3 minute read
THE WRITER’S EYE with Dean James
THE WRITER’S EYE with Dean James
Watching The Classics From A Different Point View
Recipe for a classic tragicomedy:
1 hopeful mid-western heiress
1 cynical dancer
1 suave producer
1 ensemble cast with actors who would later have great careers
The seasoning:
Wealthy Katharine Hepburn is hopeful of launching a theatrical career; Ginger Rogers is cynical, seasoned dancer; rounding out the ensemble are Lucille Ball, Eve Arden, Ann Miller, Gail Patrick (who almost always played the bad girl); Adolphe Menjou is the suave producer who holds actresses careers in his careless hands
The brew:
In most novels writers have an ensemble cast. This movie, based loosely on a stage play by Edna Ferber and George S. Kaufman, has a large cast of young woman living in a theatrical boarding house in New York. Hepburn plays heiress Terry Randall who comes in with lots of luggage but incognito (sort of). Rogers (Jean Maitland) is her roommate and assumes that Terry has a sugar daddy when she spots a picture of Terry’s grandfather. Gail Patrick is “dating” wealthy producer Anthony Powell (Menjou), who turns his attention to Rogers and Ann Miller when he sees them rehearsing as chorus dancers. Kay Hamilton is a talented actress who had great success a year ago but is now desperate to find work. Broke and malnourished, she has set her hopes on the lead in Powell’s new production, “Enchanted April.” When Powell cancels his appointment with Kay, she faints in his waiting room. Hepburn barges into his office and berates him for his callousness. Unbeknownst to her, her father is financing the new play, and he wants her to fail so she will return home.

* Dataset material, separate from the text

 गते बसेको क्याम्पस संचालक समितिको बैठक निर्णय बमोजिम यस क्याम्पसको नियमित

Fast-paced witty dialogue in the boarding house brings comedy to the fore, but the sad story of Kay Hamilton brings the tragedy when she, delirious with fatigue and hunger, commits suicide by jumping out a window. Hepburn, who is a really wooden actress, is so emotionally overcome by this, she attempts to back out of the performance, but her acting coach insists she has to go on, not only for the company whose livelihood depend on it, but also for Kay. Transformed by grief, Hepburn gives a bravura performance, much to her father’s chagrin.

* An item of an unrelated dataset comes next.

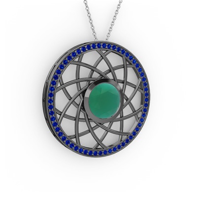 Kök zümrüt ve lab safir 925 ayar siyah rodyum kaplama gümüş kolye (40 cm beyaz altın rolo zincir)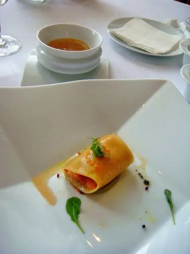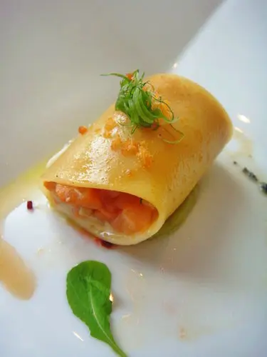外層包裹的手工麵皮很Q很有口感,侍者說是什麼來著,我忘了,搭配煙燻鮭魚也很美味

What can a writer learn from this?
First, how to handle a large cast; second, how to reveal character from dialogue and character interaction; third, how to blend comedy and drama effectively to make one of my all-time favorite films; and fourth, how to layer texture into a story to add depth and humanity. Terrific performances by all concerned make this a gem of 1930s movie-making. Finally, a point of trivia; this is the movie in which Hepburn utters the classic line “The calla lilies are in bloom again.”